Nos abrió una sirvienta y nos pasó al salón, una vez allí nos sentamos y Jorge me ofreció una copa mientras esperábamos.
Al poco rato hizo la entrada su madre Ángela, una mujer elegante y muy bien vestida sin duda, se veía muy distante.
- Hola madre, te presento a Rebeca, mi prometida. Dijo Jorge mirándome fijamente a los ojos como pidiendo permiso, yo le sonreí dándoselo. Me quedé un poco sorprendida ya que nunca esperé que lo soltará hoy ante sus padres.
- Hola soy Ángela, y me dio un frio beso en la mejilla.
Acto seguido llegó su padre un señor muy serio y de cara enjuta que me miró de arriba abajo.

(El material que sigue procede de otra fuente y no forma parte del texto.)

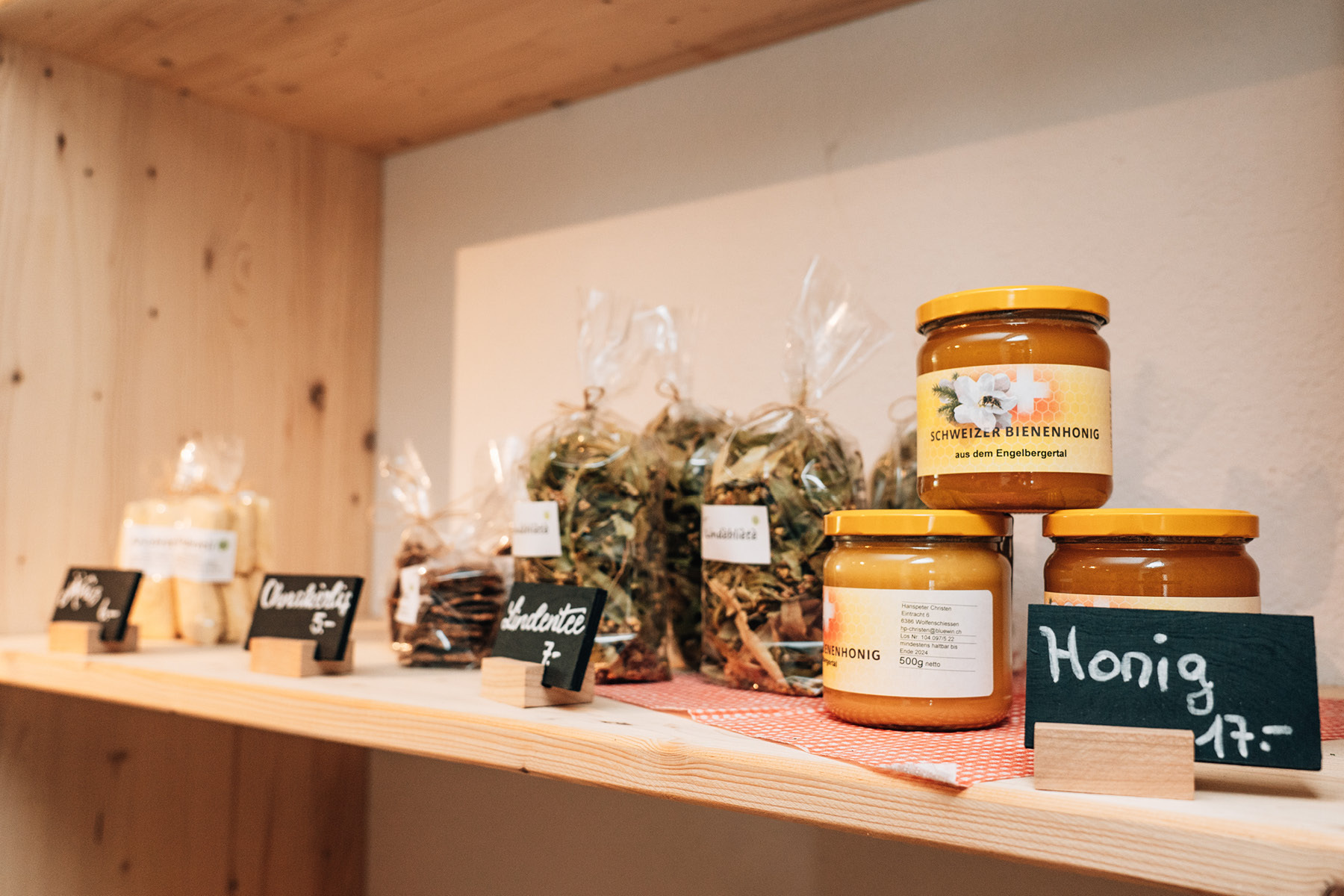 Der Hofladen wird sehr geschätzt von den Feriengästen und Jakobspilgern. Im Hofladen können die Gäste und Pilger nebst Produkten für die Wanderung, auch ein Andenken mit nach Hause nehmen. Zeit kurzem stehen zwei Kühlschränke im Hofladen. Darin befinden sich Fleischspezialitäten vom hofeigenen Weiderind und verschiedene Getränke aus der Region. Zudem gibt es im Gefrierfach die Stanser Glacé mit Vanille, Erdbeere, Zwetschgen und Kirschen zu kaufen.

- Hola Rebeca encantado, soy Alejandro, y estiró su mano, la cual estreché. Me dije mentalmente que esto no era un gran recibimiento.
Jorge enseguida notó la tirantez en el ambiente y se acercó pasando su brazo por mi cintura para darme mayor seguridad, y verdaderamente la necesitaría.
- Bueno pasemos al comedor la cena está lista. Comentaba su madre mientras agarraba a su marido del brazo para entrar.
Al sentarse su padre empezó a decir a Jorge.
- ¿Cómo va el trabajo, pasaste por la oficina? Tenías que firmar unos papeles del bufete.
- Sí papá ya pasé, está todo listo.
Su madre se sentó y enseguida Jorge vino a mi lado dejando a su padre presidir el otro lado de la mesa.
Me parecía como estar en un juicio y estar esperando el veredicto. Era abiertamente escudriñada por su padre, me miraba como si quisiera saber todo de mí y no le gustase mucho lo que veía.
Jorge puso su mano en la mía por debajo de la mesa y la apretó suavemente.
Estuvimos charlando de cosas banales hasta que su padre dijo.
- Parece que trabajas en uno de los Centros que patrocina uno de nuestros clientes ¿no?
- Sí señor así es, y no dando paso a tutearle continuó.
- Tendrás que pasarle a mi ayudante un rapport de tus juicios para que pueda enfocarte profesionalmente.
Uff ahora quería ¿evaluarme? Esto no pintaba nada bien. Me mantuve como podía lo más discreta posible y charlaba con su madre, hasta que por fin Jorge después de los postres dijo.
- Bueno nosotros ya nos vamos, tenemos una reunión con unos amigos.
Agradecí el detalle de Jorge pues sabía que ya no aguantaría mucho más.
Ángela con media sonrisa en sus labios se me acercó.
- Bueno Rebeca encantada. Acto seguido me dio un beso en la mejilla. Su padre me estrechó otra vez la mano y salimos de su casa. Ya fuera en el coche él me miró y dijo.
- Ya paso cariño no te preocupes más, ellos son así. Siento no haberte avisado que se lo diría pero estaba tan contento, no te enfadas ¿verdad?
Ante su comentario le besé y me acurruqué en el asiento, sintiéndome tan pequeña.
- ¿Y no me vas a decir nada, es que acaso ellos te acobardaron tanto que ya no quieres serlo amor?
- No, no es eso Jorge, es que me pilló de sorpresa y claro que quiero, tú sabes que sí. Le abracé fuertemente y una lágrima calló de mis ojos enturbiando este momento tan especial. Esa que venía a bajarme de esa nube, la que vaticinaba lo lejos que podíamos llegar a estar.